_What is needed_.
Restate each record below word for word, skipping images.

--- START ---

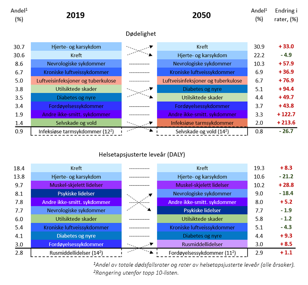 Tabell 1.1 viser framskrevne endringer i de ti største årsakene til dødelighet og sykdomsbyrde mellom 2019 og 2050. Endringer i både plassering og relativ andel er påvirket av utviklingen i andre sykdomsgrupper, mens endringer i rater beskriver endringer i sykdomsgruppen selv. På overordnet nivå viser framskrivingen ingen endringer i andelen dødelighet og sykdomsbyrde som tilskrives ikke-smittsomme sykdommer fra 2019 (hhv. 87,5 prosent av alle dødsfall og 86,5 prosent av alle helsetapsjusterte leveår) til 2050 (hhv. 86,6 prosent av alle dødsfall og 86,5 prosent av alle helsetapsjusterte leveår).
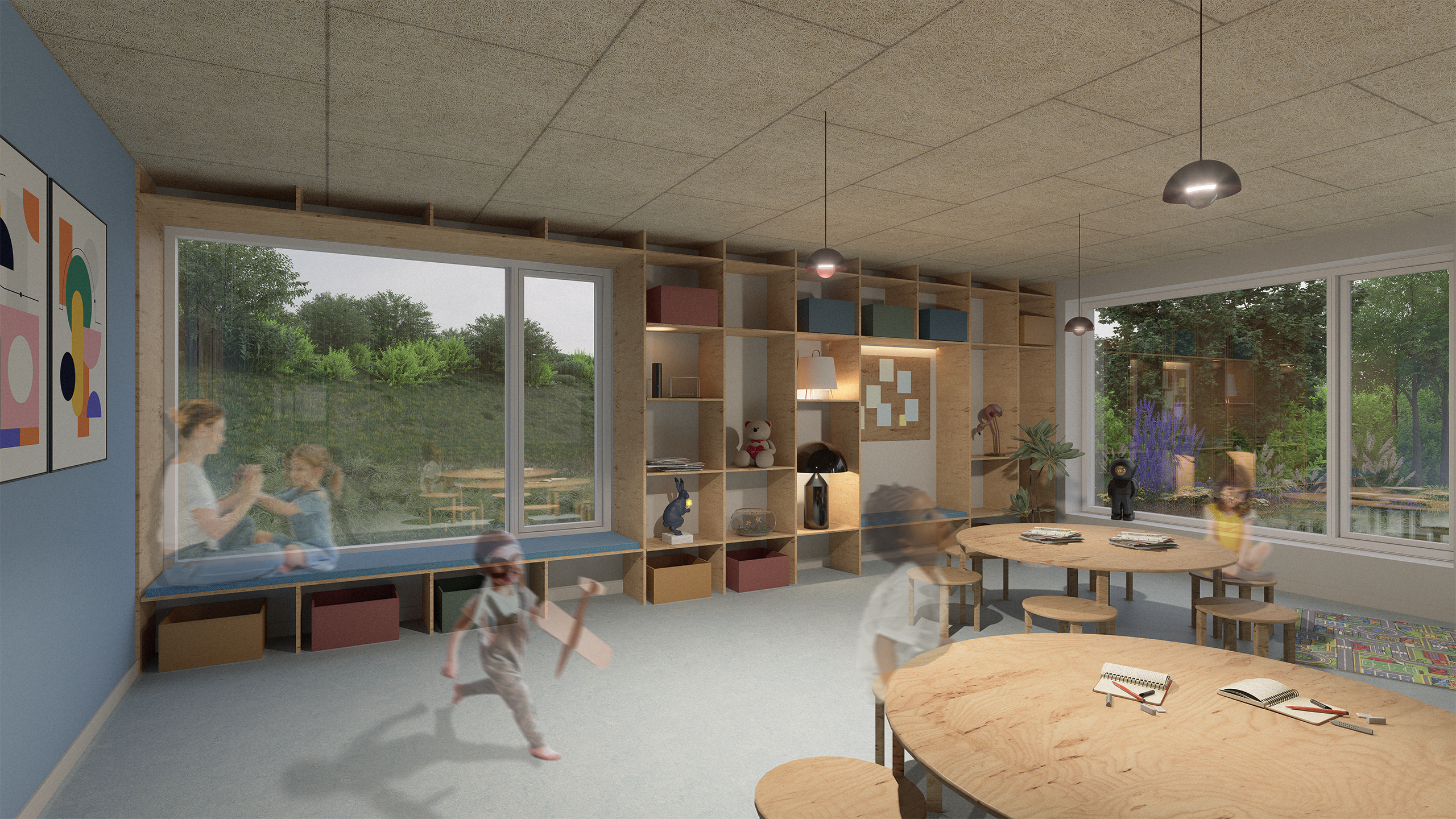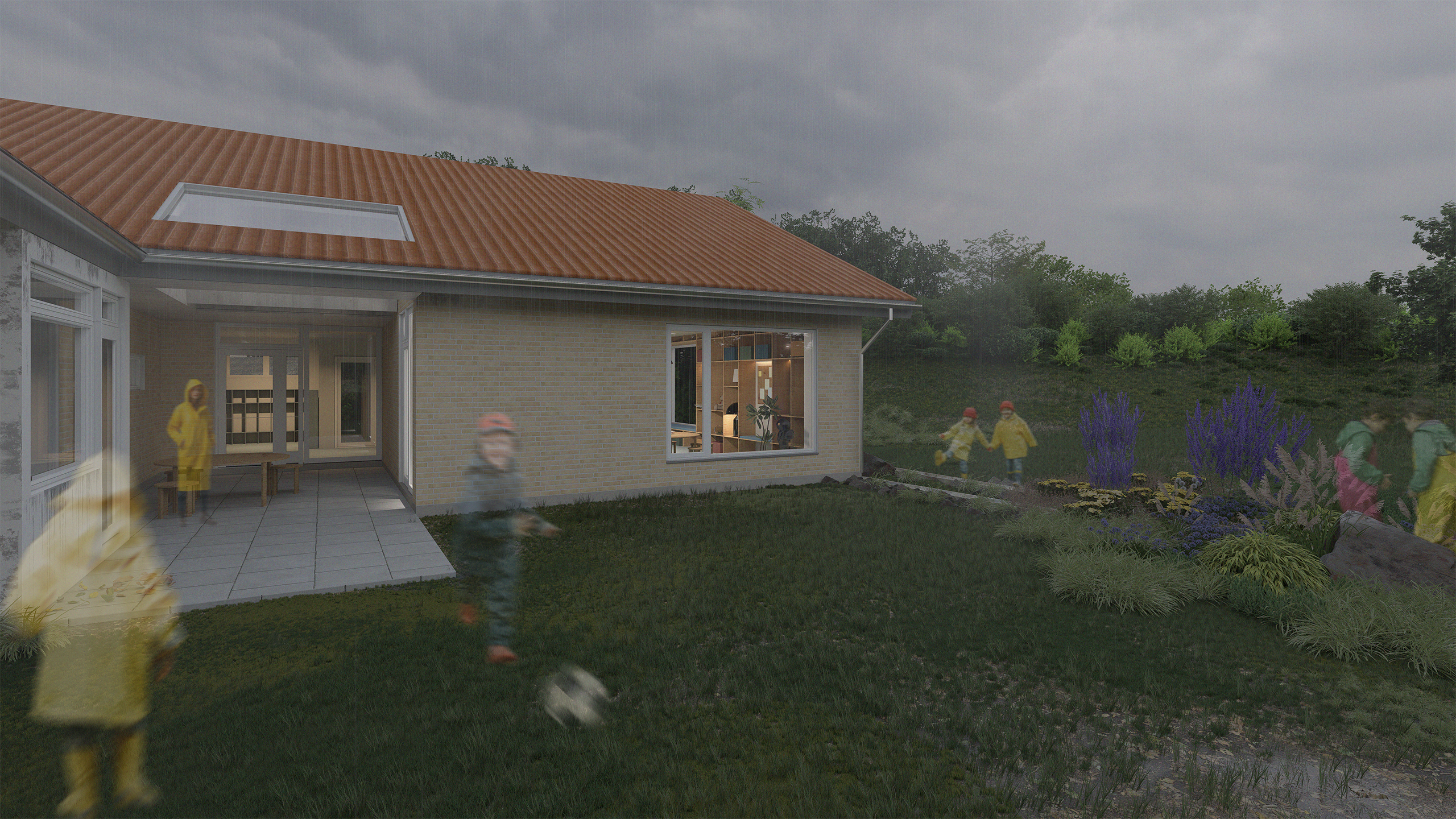 Tilbygning til daginstitutionen Villa Villa Kulla i Sorø. Daginstitutionen udvides med nyt grupperum og mere plads. Tilbygningen udføres i forlængelse af husets nuværende greb, med et strejf af moderne løsninger. Regnvand udføres med åbne vandrender, så børnene kan se vandet løbe over i LAR-bassinet til planter og nedsivning. Indvendigt udføres overflader med varme toner og inventar i træ.
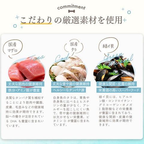 ●ヘルシーでアレルゲンになりにくい良質なタンパク源、国産マグロ・国産タラを使用。
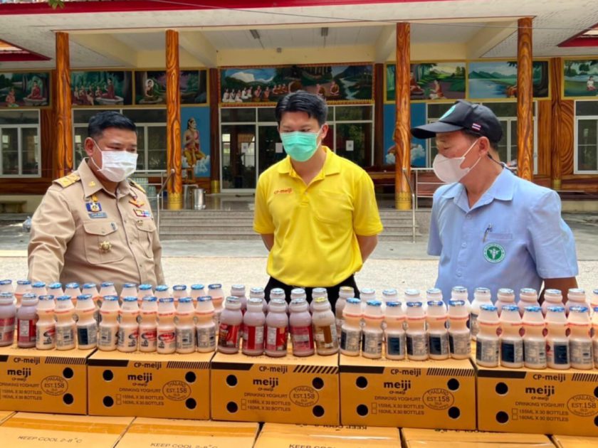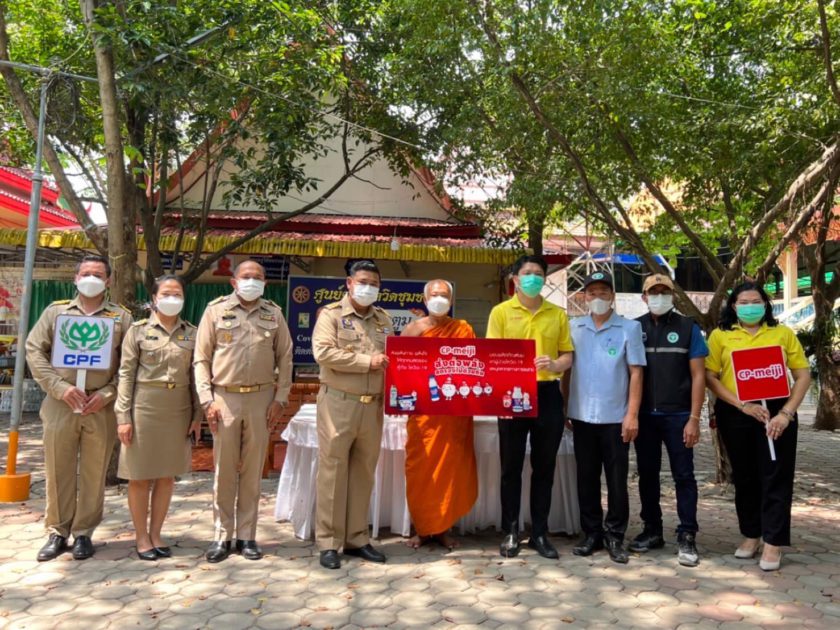คุณพุทธพงษ์ สุริยะสิงห์ นายอำเภอหนองแค จ.สระบุรี พร้อมด้วย คุณประชา ธนบัตรวิโรจน์ สาธารณสุขอำเภอหนองแค รับมอบผลิตภัณฑ์นมคุณภาพ จาก ซีพี-เมจิ เป็นมูลค่ากว่า 100,000 บาท ในโครงการ “ซีพี-เมจิ ส่งต่อพลัง สตรองไปด้วยกัน” ภายใต้โครงการ “CPF ส่งอาหารจากใจ ร่วมต้านภัยโควิด-19” ตามนโยบายเครือซีพี เพื่อเสริมพลังสร้างความแข็งแรงให้กับทีมแพทย์ และผู้ป่วยโควิด-19 ที่รักษาตัวในศูนย์พักคอยชุมชนวัดบ้านลาด และศูนย์พักคอยชุมชนวัดโคกมะตูม โดยมี คุณภูวนาถ โชคเพิ่มพูน ผู้จัดการทั่วไป และชาวจิตอาสา ซีพี-เมจิ เป็นผู้แทนมอบ ณ วัดโคกมะตูม อ.หนองแค จ.สระบุรี
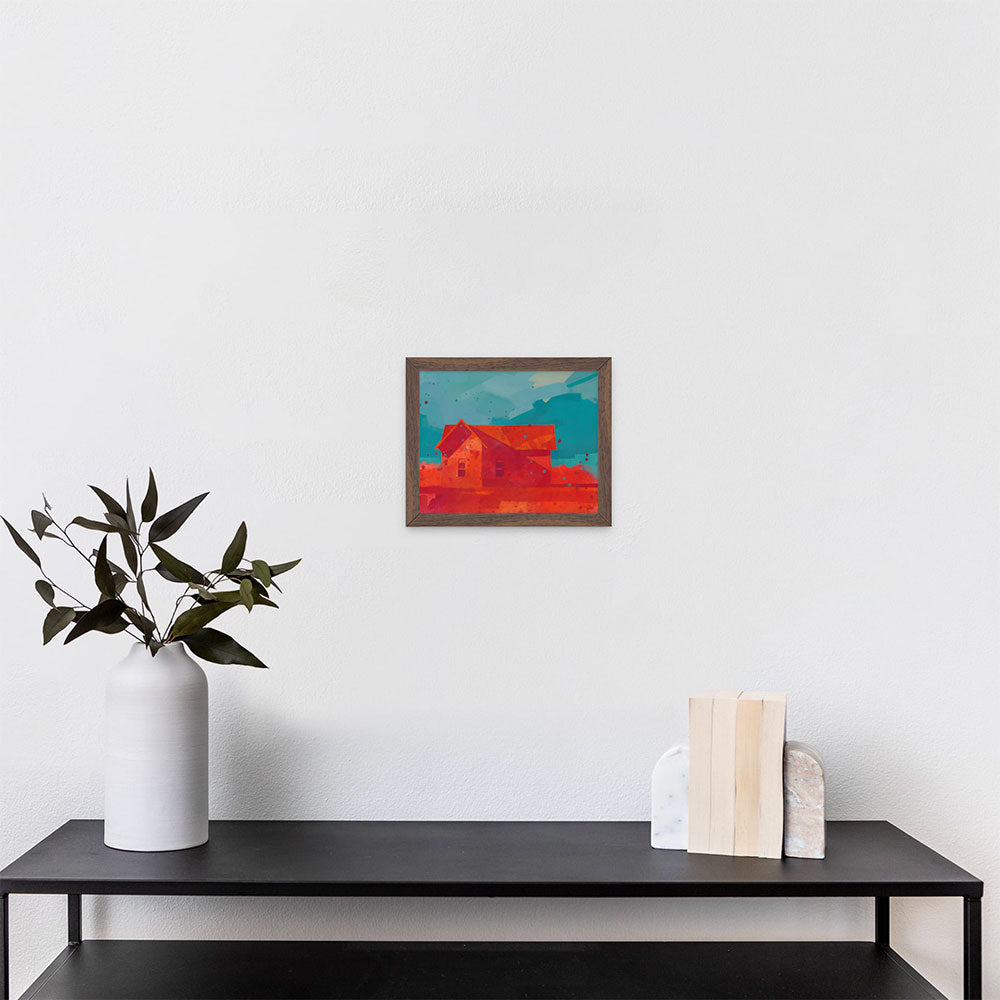 Inspired by western Minnesota's weathered prairie farmhouses, a bold red and orange building anchors itself in an abstract sky. This color palette defies the composition's simplicity.

--- END ---

_Answer below_.
 Tabell 1.1 viser framskrevne endringer i de ti største årsakene til dødelighet og sykdomsbyrde mellom 2019 og 2050. Endringer i både plassering og relativ andel er påvirket av utviklingen i andre sykdomsgrupper, mens endringer i rater beskriver endringer i sykdomsgruppen selv. På overordnet nivå viser framskrivingen ingen endringer i andelen dødelighet og sykdomsbyrde som tilskrives ikke-smittsomme sykdommer fra 2019 (hhv. 87,5 prosent av alle dødsfall og 86,5 prosent av alle helsetapsjusterte leveår) til 2050 (hhv. 86,6 prosent av alle dødsfall og 86,5 prosent av alle helsetapsjusterte leveår).
 Tilbygning til daginstitutionen Villa Villa Kulla i Sorø. Daginstitutionen udvides med nyt grupperum og mere plads. Tilbygningen udføres i forlængelse af husets nuværende greb, med et strejf af moderne løsninger. Regnvand udføres med åbne vandrender, så børnene kan se vandet løbe over i LAR-bassinet til planter og nedsivning. Indvendigt udføres overflader med varme toner og inventar i træ.
 ●ヘルシーでアレルゲンになりにくい良質なタンパク源、国産マグロ・国産タラを使用。
คุณพุทธพงษ์ สุริยะสิงห์ นายอำเภอหนองแค จ.สระบุรี พร้อมด้วย คุณประชา ธนบัตรวิโรจน์ สาธารณสุขอำเภอหนองแค รับมอบผลิตภัณฑ์นมคุณภาพ จาก ซีพี-เมจิ เป็นมูลค่ากว่า 100,000 บาท ในโครงการ “ซีพี-เมจิ ส่งต่อพลัง สตรองไปด้วยกัน” ภายใต้โครงการ “CPF ส่งอาหารจากใจ ร่วมต้านภัยโควิด-19” ตามนโยบายเครือซีพี เพื่อเสริมพลังสร้างความแข็งแรงให้กับทีมแพทย์ และผู้ป่วยโควิด-19 ที่รักษาตัวในศูนย์พักคอยชุมชนวัดบ้านลาด และศูนย์พักคอยชุมชนวัดโคกมะตูม โดยมี คุณภูวนาถ โชคเพิ่มพูน ผู้จัดการทั่วไป และชาวจิตอาสา ซีพี-เมจิ เป็นผู้แทนมอบ ณ วัดโคกมะตูม อ.หนองแค จ.สระบุรี
 Inspired by western Minnesota's weathered prairie farmhouses, a bold red and orange building anchors itself in an abstract sky. This color palette defies the composition's simplicity.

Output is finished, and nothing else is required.